Work instructions:
Make an exact copy of the entries, taking out every picture.
##########
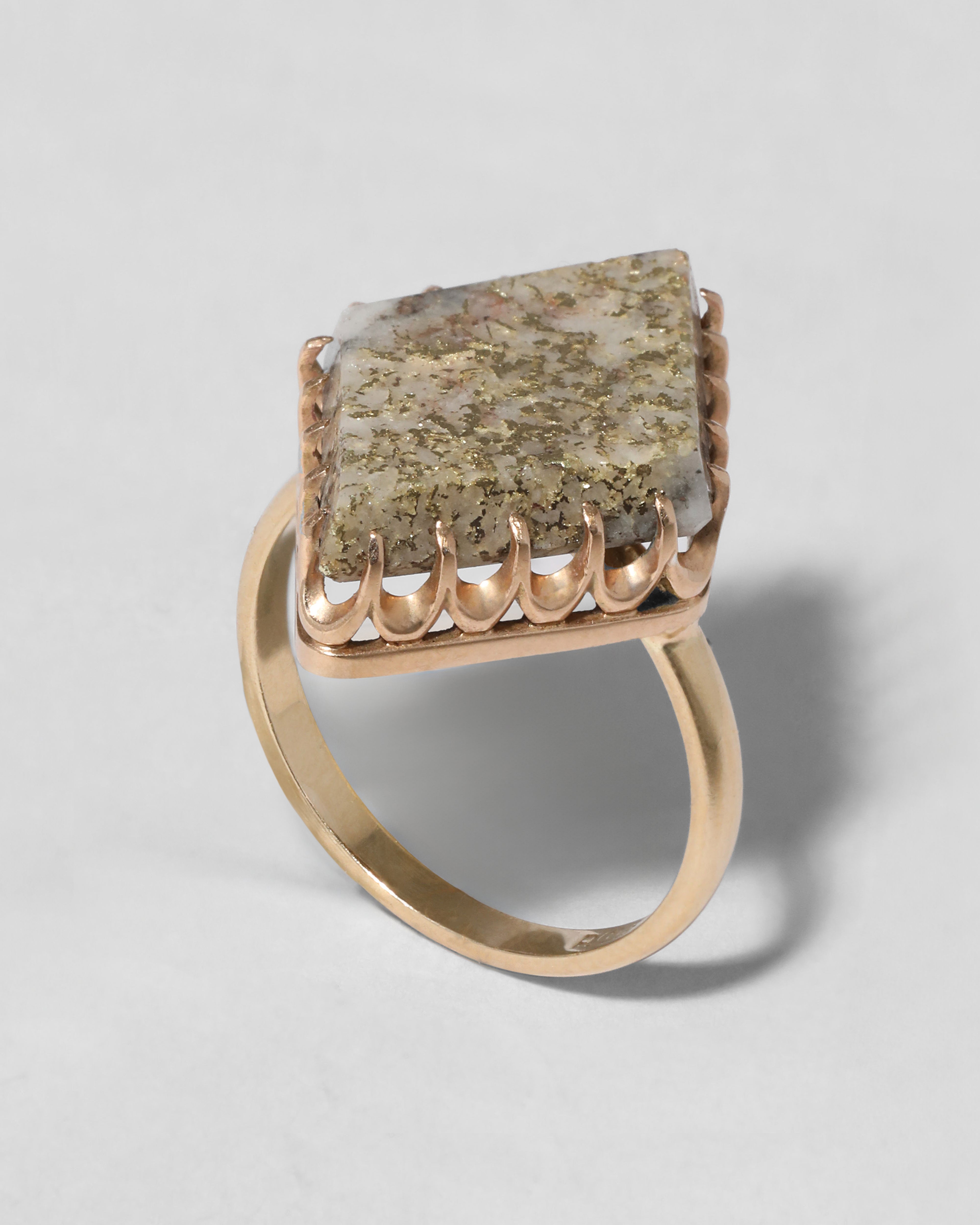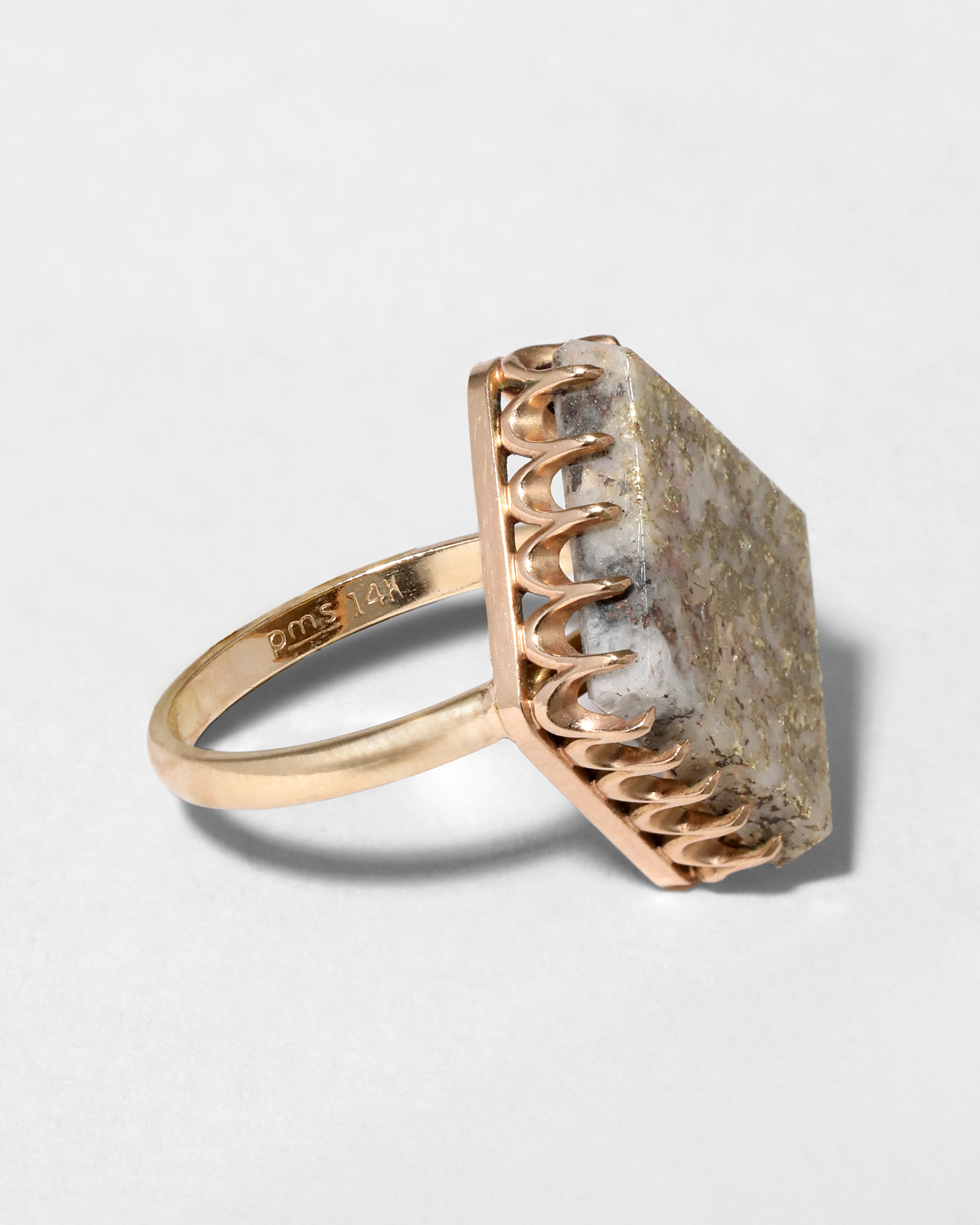 Glistening golden quartz is square cut and prong set onto this gorgeous 14k gold ring from the 1800s.
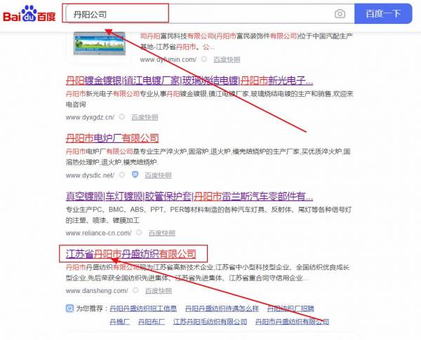 丹陽市*盛紡織有限公司關鍵詞推廣排名效果展示
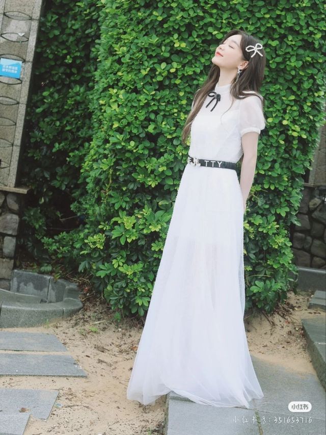 kaia穿着一条白色的裙子。kaia也是好长时间没有穿裙子了。上一次穿裙子还是跟着翟潇闻,姚琛,赵让他们出去玩的时候穿的裙子。那个时候穿的裙子是一条白色碎花裙。
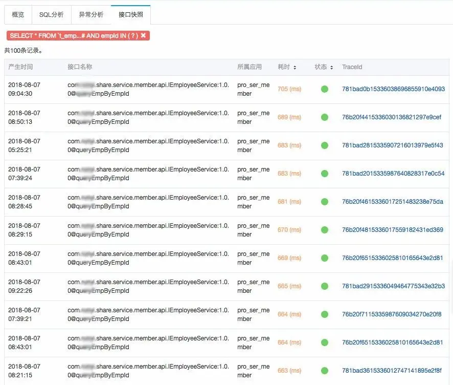 在这些接口中,“慢”接口会被明显标注出来。我们很明显地发现了可疑的慢接口。
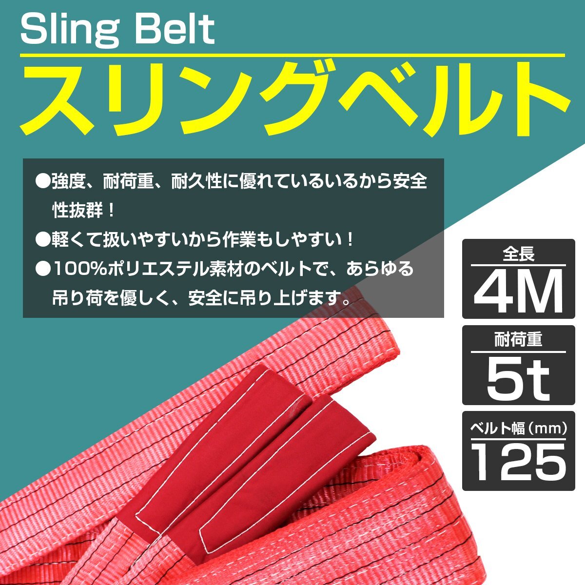 [1本/耐荷5t/長さ 4m] スリング ベルト 吊上げ ナイロン クレーン ロープ 荷吊り 玉掛け 牽引 運搬 5000kg 5トン 幅125mm
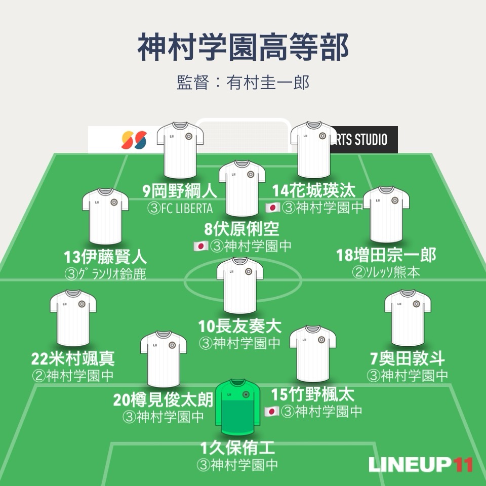 神村学園はダイヤモンド型の4-4-2。GK久保侑工、4バックはDF奥田敦斗、DF竹野楓太、樽見俊太朗、DF米村颯真。アンカーにMF長友奏大、右SH増田宗一郎、左SH伊藤賢人、トップ下伏原俐空。2トップはFW岡野綱人とFW花城瑛汰。
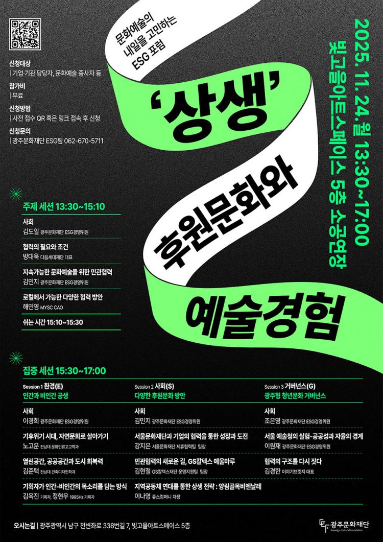 ±¤ÁÖ¹®ÈÀç´Ü ±èÀÓÈ£ ESGÆÀÀåÀº ¡°¹®È¿¹¼úÀÇ Áö¼Ó°¡´É¼ºÀ» À§Çؼ´Â ¹Î°£¡¤°ø°ø¡¤Áö¿ª°øµ¿Ã¼°¡ ÇÔ²² Çù·ÂÇÏ´Â ±¸Á¶°¡ ÇʼöÀû¡±À̶ó¸ç ¡°À̹ø Æ÷·³ÀÌ Áö¿ª ¹®È¿¹¼ú »ýŰ踦 ´õ¿í ưưÇÏ°Ô ¸¸µå´Â °è±â°¡ µÇ±â¸¦ ±â´ëÇÑ´Ù¡±°í ¸»Çß´Ù.
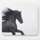 This gorgeous black Friesian stallion runs in the early morning in California.
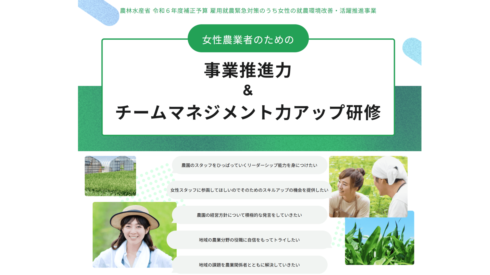 女性リーダー・経営者の育成をサポートする 「女性農業者のための事業推進力&チームマネジメント力 アップ研修」受講生の募集を開始いたしました!
##########
Result of the task:
 Glistening golden quartz is square cut and prong set onto this gorgeous 14k gold ring from the 1800s.
 丹陽市*盛紡織有限公司關鍵詞推廣排名效果展示
 kaia穿着一条白色的裙子。kaia也是好长时间没有穿裙子了。上一次穿裙子还是跟着翟潇闻,姚琛,赵让他们出去玩的时候穿的裙子。那个时候穿的裙子是一条白色碎花裙。
 在这些接口中,“慢”接口会被明显标注出来。我们很明显地发现了可疑的慢接口。
 [1本/耐荷5t/長さ 4m] スリング ベルト 吊上げ ナイロン クレーン ロープ 荷吊り 玉掛け 牽引 運搬 5000kg 5トン 幅125mm
 神村学園はダイヤモンド型の4-4-2。GK久保侑工、4バックはDF奥田敦斗、DF竹野楓太、樽見俊太朗、DF米村颯真。アンカーにMF長友奏大、右SH増田宗一郎、左SH伊藤賢人、トップ下伏原俐空。2トップはFW岡野綱人とFW花城瑛汰。
 ±¤ÁÖ¹®ÈÀç´Ü ±èÀÓÈ£ ESGÆÀÀåÀº ¡°¹®È¿¹¼úÀÇ Áö¼Ó°¡´É¼ºÀ» À§Çؼ´Â ¹Î°£¡¤°ø°ø¡¤Áö¿ª°øµ¿Ã¼°¡ ÇÔ²² Çù·ÂÇÏ´Â ±¸Á¶°¡ ÇʼöÀû¡±À̶ó¸ç ¡°À̹ø Æ÷·³ÀÌ Áö¿ª ¹®È¿¹¼ú »ýŰ踦 ´õ¿í ưưÇÏ°Ô ¸¸µå´Â °è±â°¡ µÇ±â¸¦ ±â´ëÇÑ´Ù¡±°í ¸»Çß´Ù.
 This gorgeous black Friesian stallion runs in the early morning in California.
 女性リーダー・経営者の育成をサポートする 「女性農業者のための事業推進力&チームマネジメント力 アップ研修」受講生の募集を開始いたしました!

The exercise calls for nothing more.